Hacker News new | ask | show | jobs
by klodolph 2431 days ago
I didn’t understand the XML hate either. It was just a bit annoying to parse, depending on the language and ecosystem you used. It was a little verbose, but so what?
1 comments

The biggest problem to me is that XML is not a data serialization language, it's a document markup language. In documents, the distinction between attributes and content makes sense. In data serialization, the choice of whether a given datum is an attribute or a text content appears rather arbitrary. Should I write this?

  <book>
    <title>XML Cookbook</title>
    <author>Jane Doe</author>
  </book>
Or this?

  <book title="XML Cookbook" author="John Doe" />
Now attributes don't work when there are multiple values, so I guess I should use attributes for single values and child nodes for lists:

  <book title="XML Cookbook">
    <author>Jane Doe</author>
    <author>Tim Pickens</author>
  </book>
But that rule also has problems. If I decide to include markup in the title, it suddenly needs to be a child node again:

  <book>
    <title>The <strong>Awesome</strong> <abbr>XML</abbr> Cookbook</title>
    <author>Jane Doe</author>
    <author>Tim Pickens</author>
  </book>
Also, "author" is a misleading name for a field that is actually an array, so should I actually use an "authors" node to make that clearer?

  <book>
    <title>XML Cookbook</title>
    <authors>
      <author>Jane Doe</author>
      <author>Tim Pickens</author>
    </authors>
  </book>
Or maybe:

  <book>
    <title>XML Cookbook</title>
    <authors>
      <person name="Jane Doe" />
      <person name="Tim Pickens />
    </authors>
  </book>
Now compare to this to YAML:

  book:
    title: XML cookbook
    authors:
      - name: Jane Doe
      - name: Tim Pickens
Or even just:

  book:
    title: XML cookbook
    authors: [ Jane Doe, Tim Pickens ]
I need to make way fewer design choices when writing that down. In fact, I probably don't need to design anything since that's already the data structure that I've written down as a type somewhere in my code. That's why it's a good idea to use a data serialization language for, well, data serialization.
Thank you for articulating this, but I’m familiar with these complaints. XML does give you a lot of freedom to format your data in different ways, which can get you into traps. I’ve run into those traps before, like the decision between attributes and child nodes.

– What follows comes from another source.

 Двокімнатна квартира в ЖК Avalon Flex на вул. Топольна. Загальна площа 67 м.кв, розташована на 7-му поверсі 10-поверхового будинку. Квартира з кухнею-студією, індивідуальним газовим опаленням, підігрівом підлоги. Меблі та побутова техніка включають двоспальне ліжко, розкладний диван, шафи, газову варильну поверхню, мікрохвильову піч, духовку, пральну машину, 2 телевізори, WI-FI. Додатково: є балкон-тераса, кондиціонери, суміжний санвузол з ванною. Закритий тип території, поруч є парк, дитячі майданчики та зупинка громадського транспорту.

This doesn’t add up to XML hate, for me. The way I would probably write the document is:

  <book>
    <title>XML Cookbook</title>
    <author>Jane Doe</author>
    <author>Tim Pickens</author>
  </book>
This is a fairly boring way to write out a document and while you can bikeshed all you want, I don’t see the possible bikeshedding as a major drawback. The above is concise and easy to understand.

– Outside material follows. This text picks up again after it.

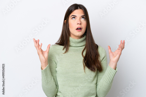 Young Brazilian woman isolated on white background stressed overwhelmed
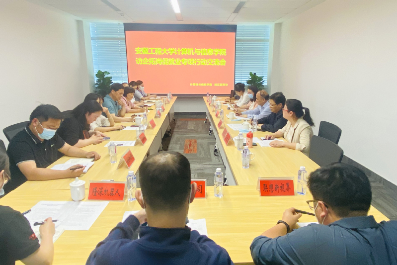 计算机与信息学院院长汪军介绍了计算机与信息学院人才培养、专业建设、科技服务及产学研等方面情况,他表示落实芜湖市“紫云英计划”,提高留芜人才基数,进一步服务社会、服务地方经济。院党委副书记孙德茹介绍了学院2022届毕业生就业情况,并欢迎企业与学院对接开展宣讲活动。学院副院长刘涛对各企业代表的校企合作意向表示欢迎和感谢,希望后面能进一步拓展合作内容和形式。

I wouldn’t use YAML as a basis for comparison. YAML has a fair number of oddities and inconsistencies that led me to stay away from it. XML is at least consistent and simple, there are not really any surprises to speak of and there are plenty of tools for modifying XML documents even when you don’t have the schema. For YAML, although there’s a spec, it’s complicated enough that different implementations are inconsistent with each other and there seems to be some inertia at work here.

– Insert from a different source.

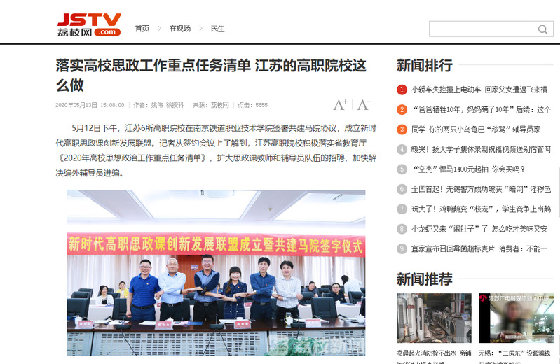 5月12日下午,江苏6所高职院校在南京铁道职业技术学院签署共建马院协议,成立新时代高职思政课创新发展联盟。记者从签约会议上了解到,江苏高职院校积极落实省教育厅《2020年高校思想政治工作重点任务清单》,扩大思政课教师和辅导员队伍的招聘,加快解决编外辅导员进编。

There’s also the downright bizarre set of regexes that YAML uses to recognize bare strings as other types, that means that '3.3.0' is a string, but '3.3' is a number. If I write 'ni' that’s a string but 'no' is a boolean. I personally find it harder to read or author YAML due to all these rules. You also have to be a bit more careful to sanitize YAML input due to things like the way !! is handled by various libraries, or the way YAML allows object cycles. It gives you too much rope to hang yourself, has too many surprises, and too many footguns. The fact that YAML is a bit more concise just isn’t enough of an advantage.

    # Quiz: What value does this give you when parsed?
    MAC Address: 11:02:03:04:05:06
For data serialization, I would stick to something like Protocol Buffers. You get a text and binary format, a schema, consistency across implementations, and good tooling.

XML is workable in a lot of situations and in some cases the verbosity makes it a bit more self-documenting than e.g. JSON.

TOML would be my choice for config files that I maintain.

I've grown to like Avro, mostly because of its ability to support schema evolution for reader and writer independently. You get the usual niceties around binary wire format, schema, dynamic parsing and/or code generators etc.
Thank you... this pretty much sums up most of my disgust regarding XML in general. And while JSON is more universal, YAML is much more accessible for humans.